→ **YOUR INSTRUCTIONS**
Keep the pictures out of the copy and print all the entries below exactly.

→ **RAW DATA**
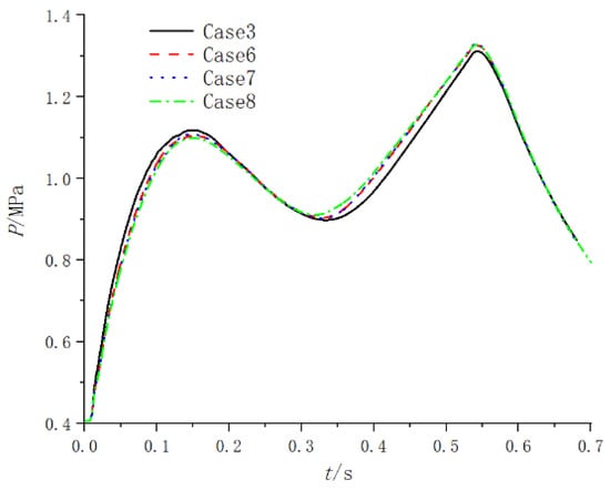 Pressure contours of cases 3, 6, 7, and 8 at 0.1 s.
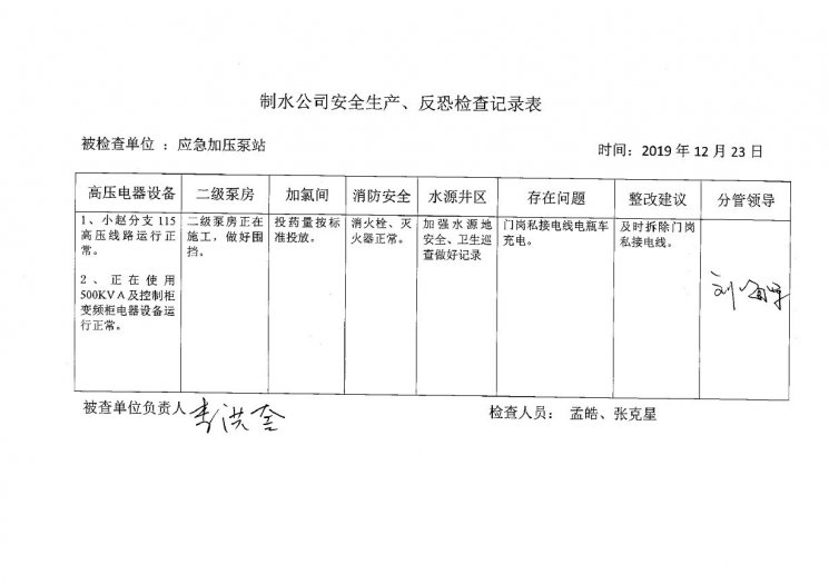 应急加压泵站2019年12月安全生产检查记录
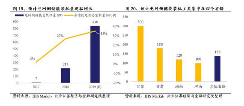 近兩年來,隨著各地電網(wǎng)側(cè)儲能項(xiàng)目的紛紛落地并網(wǎng),電網(wǎng)側(cè)儲能規(guī)模在2018年曾實(shí)現(xiàn)爆發(fā)性增長,根據(jù)CNESA儲能項(xiàng)目數(shù)據(jù)庫的統(tǒng)計(jì),2018年新增電網(wǎng)側(cè)電化學(xué)儲能規(guī)模206.8MW,占2018年全國新增投運(yùn)電化學(xué)儲能規(guī)模的36%。IHS Markit曾在2019年6月預(yù)計(jì)至2019年底有望達(dá)到838MW,占儲能電池總裝機(jī)的比例提升至35%,居各類儲能應(yīng)用之首,這些項(xiàng)目將主要集中在江蘇、湖南、河南和甘肅四個省份,其他省份裝機(jī)總量雖小但普遍存在電網(wǎng)側(cè)儲能大需求,電網(wǎng)側(cè)儲能未來裝機(jī)潛力巨大。
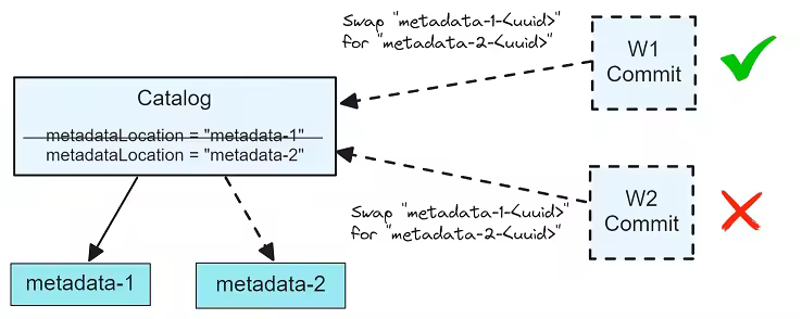 Iceberg 通过原子 CAS 的提交(通过外部的 catalog lock)避免这个问题,W2 提交的时候发现当前 catalog 记录的 snapshot 是 snapshot2了,就会abort 自己,不进行提交,如下所示:
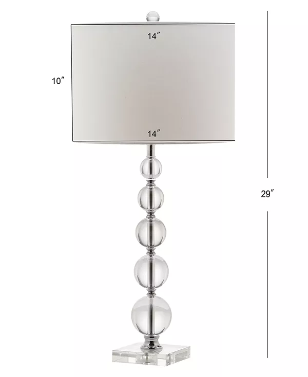 Добавьте изысканности в свою комнату с помощью настольной лампы Liam Crystal Ball. Стопка градуированных хрустальных шаров расположена на прямоугольном постаменте и чётком абажуре в форме барабана.
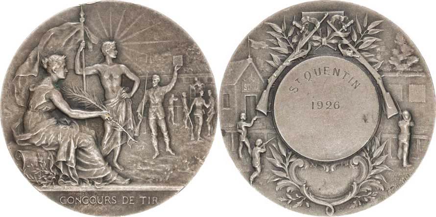St. Quentin - CONCOUR DE TIR 1926 (střelecká soutěž), Av. vlevo s edící žena s palmovou ratolestí, uprostřed muž s praporem, vpravo střelci, ve spodní úseči nápis / alegorie střeleb, uprostřed v terči lokace a datace sign.: A. Erdmann postř. bronz 50 mm 60,40 g

→ **EXERCISE RESPONSE**
 Pressure contours of cases 3, 6, 7, and 8 at 0.1 s.
 应急加压泵站2019年12月安全生产检查记录
 近兩年來,隨著各地電網(wǎng)側(cè)儲能項(xiàng)目的紛紛落地并網(wǎng),電網(wǎng)側(cè)儲能規(guī)模在2018年曾實(shí)現(xiàn)爆發(fā)性增長,根據(jù)CNESA儲能項(xiàng)目數(shù)據(jù)庫的統(tǒng)計(jì),2018年新增電網(wǎng)側(cè)電化學(xué)儲能規(guī)模206.8MW,占2018年全國新增投運(yùn)電化學(xué)儲能規(guī)模的36%。IHS Markit曾在2019年6月預(yù)計(jì)至2019年底有望達(dá)到838MW,占儲能電池總裝機(jī)的比例提升至35%,居各類儲能應(yīng)用之首,這些項(xiàng)目將主要集中在江蘇、湖南、河南和甘肅四個省份,其他省份裝機(jī)總量雖小但普遍存在電網(wǎng)側(cè)儲能大需求,電網(wǎng)側(cè)儲能未來裝機(jī)潛力巨大。
 Iceberg 通过原子 CAS 的提交(通过外部的 catalog lock)避免这个问题,W2 提交的时候发现当前 catalog 记录的 snapshot 是 snapshot2了,就会abort 自己,不进行提交,如下所示:
 Добавьте изысканности в свою комнату с помощью настольной лампы Liam Crystal Ball. Стопка градуированных хрустальных шаров расположена на прямоугольном постаменте и чётком абажуре в форме барабана.
St. Quentin - CONCOUR DE TIR 1926 (střelecká soutěž), Av. vlevo s edící žena s palmovou ratolestí, uprostřed muž s praporem, vpravo střelci, ve spodní úseči nápis / alegorie střeleb, uprostřed v terči lokace a datace sign.: A. Erdmann postř. bronz 50 mm 60,40 g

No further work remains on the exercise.